COMING SOON - 20 years success story at Majete Wildlife Reserve
A 20 years story since African Parks take over – from dire straits to a source of value, through job creation and anchoring thousands of community members
Wildlife monitoring using a Very High Frequency telemetry to track Lions before a call is one method used to ensure species movement are being fully tracked (Photo - Mathews Malata )
CHIKWAWA, Malawi (Planet Defence) - In 1995, I visited Majete Wildlife Reserve as a trainee wildlife staffer. My colleagues and I travelled the only single road up to the defunct Mendulo Camp near the Mkulumadzi River, a tributary that empties its water into the Shire river.

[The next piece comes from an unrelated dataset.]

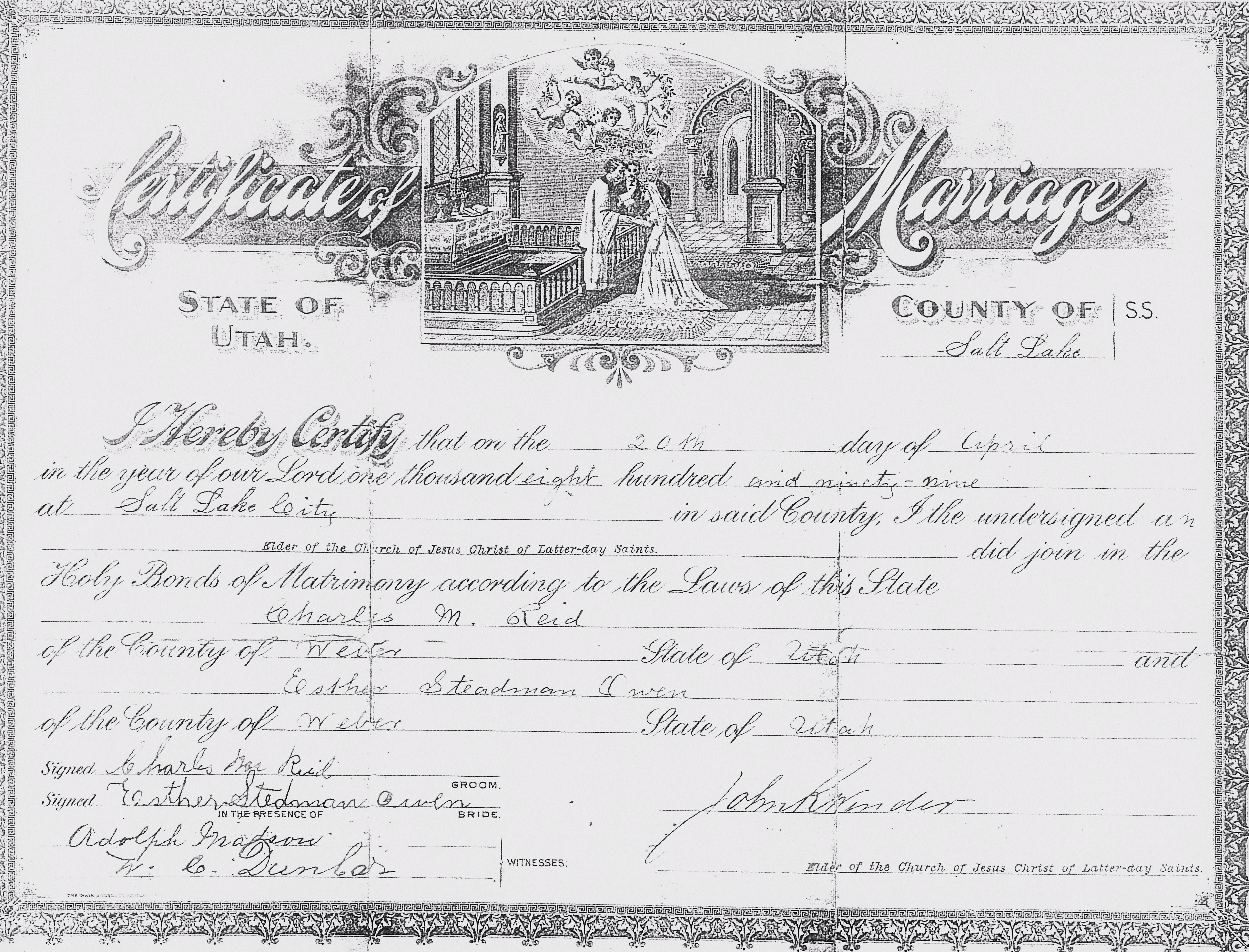 - 20 Apr 1899: married Esther Weir Stedman in Salt Lake City, Salt Lake County, Utah
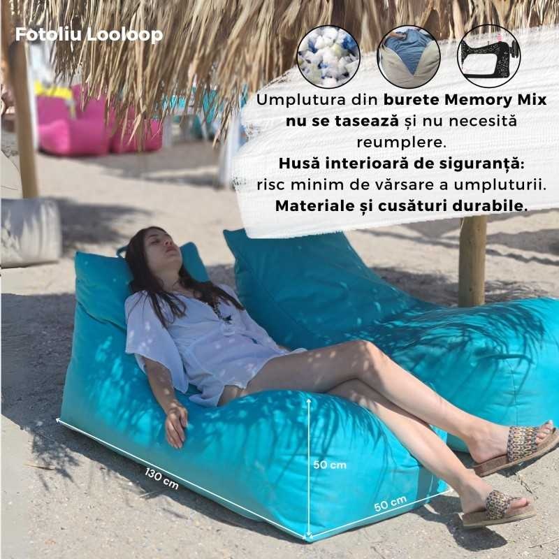 Fotoliu Looloop Verde Tuborg – fotoliu puf ergonomic cu formă unică Fotoliul Looloop Verde Tuborg este un fotoliu puf cu design inovator, creat pentru relaxare în aer liber sau interior. Forma sa ergonomică și alungită oferă suport confortabil pentru întregul corp, iar umplutura cu fulgi de burete memory mix se adaptează perfect poziției tale. Husa din material impermeabil, detașabilă și lavabilă, îl face ideal pentru plajă, grădină, terasă, balcon sau living. De ce să alegi acest model? Material impermeabil rezistent – protecție UV și rezistență, ideal și pentru exterior Design ergonomic unic – formă alungită care susține confortabil întregul corp Fulgi de burete memory mix – se adaptează poziției corpului pentru confort maxim Husă detașabilă și lavabilă – se spală la mașina de spălat la 30°C Versatil – potrivit atât pentru interior, cât și pentru exterior Fabricat în România – produs Pufrelax, materiale premium și cusături durabile Specificații Dimensiuni: aproximativ 130 × 50 × 50 cm (lungime × lățime × înălțime) Umplutură: fulgi de burete memory mix Material husă: material impermeabil, detașabilă și lavabilă Culoare: Verde Tuborg Utilizare: interior și exterior Unde se potrivește Looloop Verde Tuborg este ideal pentru grădină, terasă, balcon, zona piscinei sau living. Forma alungită și materialul impermeabil îl fac perfect pentru relaxare în orice mediu. Looloop este fotoliul puf ergonomic din gama Pufrelax, fabricat în România. Design unic, confort adaptiv și rezistență la exterior – relaxare oriunde dorești.

There were no wildlife species sightings, the AK47 rifles pilfered from the 16 year civil war then in Mozambique into Malawi and used by poachers had decimated an entire elephant population completely. The elephant used to be the largest land mammal in the reserve and great visitor attraction to see. It was down to zero.
Only skulls of animals remained as evidence that wildlife once existed in the reserve, a really sorry sight for most conservationists.
Majete remained but only as it’s own shadow, it was lifeless, a complete diversion of what is expected of a vibrant ecosystem to be termed a protected area. It was only its vegetation dominated by Brachystegia woodlands that was standing. But even the wood then, it was being heavily logged for planks and was under threat of nearing being cleared.
The infrastructure and enforcement capacity was in dire straits. To sum it all, it was all doom and gloom.
However, Majete has come a long way in the last 20 years since African Parks take over – from a sink to a source of value, providing hundreds of jobs and supporting thousands of community members with education, health and socio-economic opportunities.
Today, Majete is a living example of how sound management and community buy-in can transform a landscape into a mutually beneficial asset for both people and wildlife.